# Test 3 — Reference Notebook

This is Miles' reference notebook for test #3 in CSC630 Machine Learning.

-----

### Boilerplate Code

Common Import Block

In [None]:
import numpy as np
import matplotlib.pyplot as plt
import pandas as pd
import seaborn as sns
import math
from sklearn.linear_model import LinearRegression, LogisticRegression
from sklearn.metrics import mean_squared_error, accuracy_score
from sklearn.model_selection import train_test_split
%matplotlib inline
plt.style.use("fivethirtyeight")

Reading basic CSV files

In [None]:
df = pd.read_csv("...")

Creating a dataframe from raw data

In [None]:
#                  2d array                  labels
hd = pd.DataFrame(raw_dataset.data, columns=raw_dataset['feature_names'])
hd['...'] = raw_dataset.target

### Data Processing

`df.shape` provides (samples, columns)

In [None]:
df.shape

For the first real look, always call `df.head()`

In [None]:
df.head()

`df.describe()` is also very helpful

In [None]:
df.describe()

A useful—but obtuse—data cleaning feature is `df.dropna()`

In [None]:
df.dropna(inplace=True)

Sometimes, column names are prepended with whitespace due to an incorrect CSV read. If that's the case, this one-liner can help:

In [None]:
df.rename(columns={column: column.strip() for column in df.columns}, inplace=True)
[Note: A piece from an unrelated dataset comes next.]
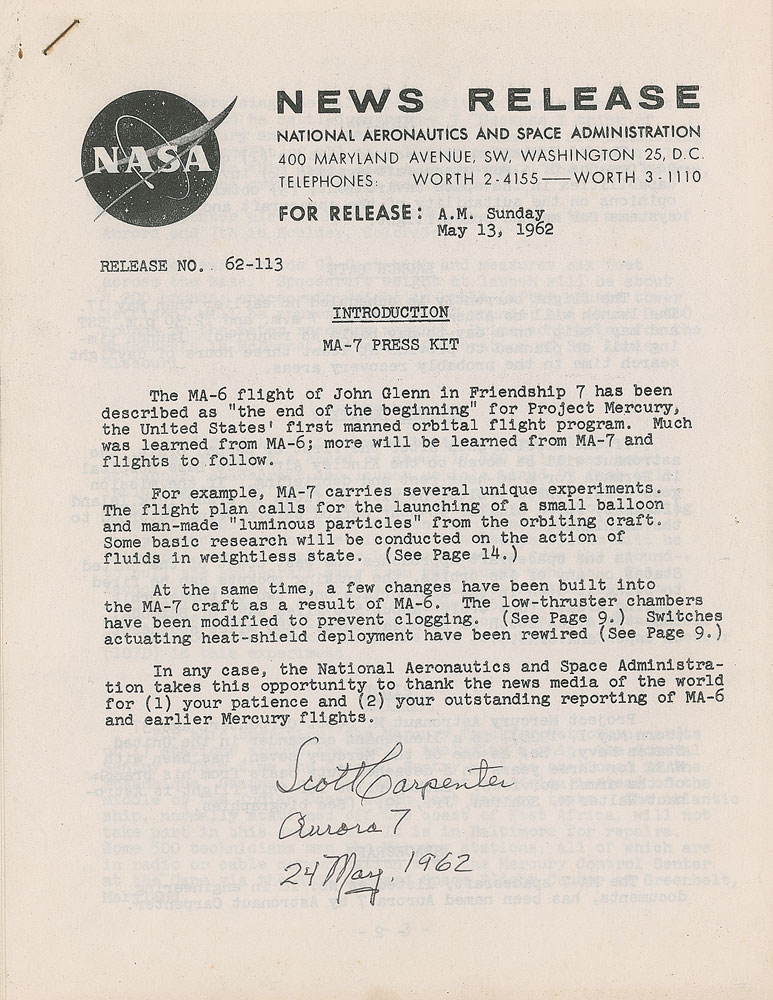 Two items: an original NASA MA-7 news release packet, 23 pages, 8 x 10.5, May 13, 1962, signed later on the front in black ballpoint, “Scott Carpenter, Aurora 7, 24 May 1962”; and a color satin-finish 8 x 10 photo of Carpenter in formal attire, signed in black felt tip. In overall fine condition. Pre-certified Zarelli Space Authentication.

Broadcasting allows simple feature engineering

In [None]:
df['mpg_reciprocal'] = df['mpg'] ** -1

Horizontal slicing allows the creation of sub-datasets

In [None]:
df_sliced = df[df["..."] == "..."]

Columns can be dropped, too

In [None]:
df.drop("column name", inplace=True)

### Plotting

Remember that `matplotlib.pyplot` plots can be overlayed.
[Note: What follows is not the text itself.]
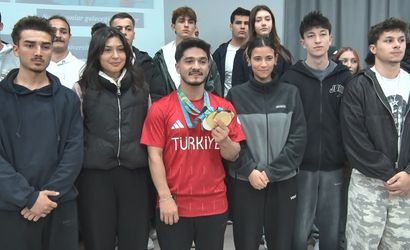 Özbek, 65 kilogram sıkletinde toplam 324 kilogram kaldırarak kırdığı dünya rekoru ve 2025 yılında elde ettiği Büyükler Dünya Şampiyonluğu'nu öğrencilerle paylaştı. Başarı yolculuğunu ve bu süreçte edindiği tecrübeleri anlatırken, şampiyonluk anlarına ait video kayıtları da dinleyicilerle izlendi.

Remember to always add a colorbar (if applicable), label axes, and name the plot!

In [None]:
plt.colorbar()
plt.title("PCA transformations and error of a multiclass \nlogistic regression on the sepal dataset")
plt.xlabel("X label")
plt.ylabel("Y label")
plt.show()

Basic scatterplots, histograms, and line plots (respectively)

In [None]:
plt.scatter(X, Y, c=optional_color_variable, marker='*', alpha=0.2, cmap="brg", s=30)
plt.hist(X, bins=[1,2,3])
plt.plot(X, Y)

The *emperor of all plots*, however, is the Seaborn pairplot!

In [None]:
# Be careful; can sometimes take a long time to run!
sns.pairplot(df)

# Alternatively, if you only need one or two Y values:
sns.pairplot(df, y_vars=['MEDV'], x_vars=[key for key in df.keys() if key not in ["MEDV"]])
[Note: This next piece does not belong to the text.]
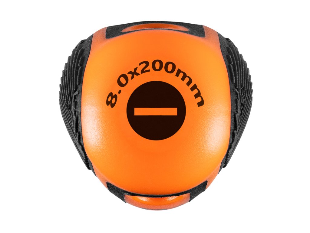 Plochý šroubovák NEO (ref. 04-176) 8 x 200 mm. Čepel je vyrobena z odolné chrom-vanadiové oceli, což zaručuje dlouhou životnost nástroje. Magnetický hrot z kalené oceli usnadňuje práci s nástrojem. Ergonomická plastová rukojeť pokrytá protiskluzovým materiálem zajišťuje bezpečnost a pohodlí při práci. Značka NEO splňuje očekávání profesionálů.

### Supervised Learning Utilities

Always start with a nice test-train split!

In [None]:
X_train, X_test, y_train, y_test = train_test_split(df.drop("..."), df["..."], test_size=0.25) # will remove the target column

To check accuracy on a **logistic regression**, use the following:

In [None]:
accuracy_score(y_true, y_pred)
accuracy_score(y_true, [round(model.predict(i)) for i in np.arange(0, 10, 10./200)])

To check accuracy on a **linear regression**, use the following:

In [None]:
metrics.mean_squared_error(y_true, y_pred)
# or, better:
metrics.r2_score(y_true, y_pred)

### Supervised Learning Models

Linear Regression

In [None]:
model = LinearRegression()
model.fit(X, y)
model.predict(X) # --> y

Logistic Regression

In [None]:
model = LogisticRegression()
model.fit(X, y)
model.predict(X) # --> y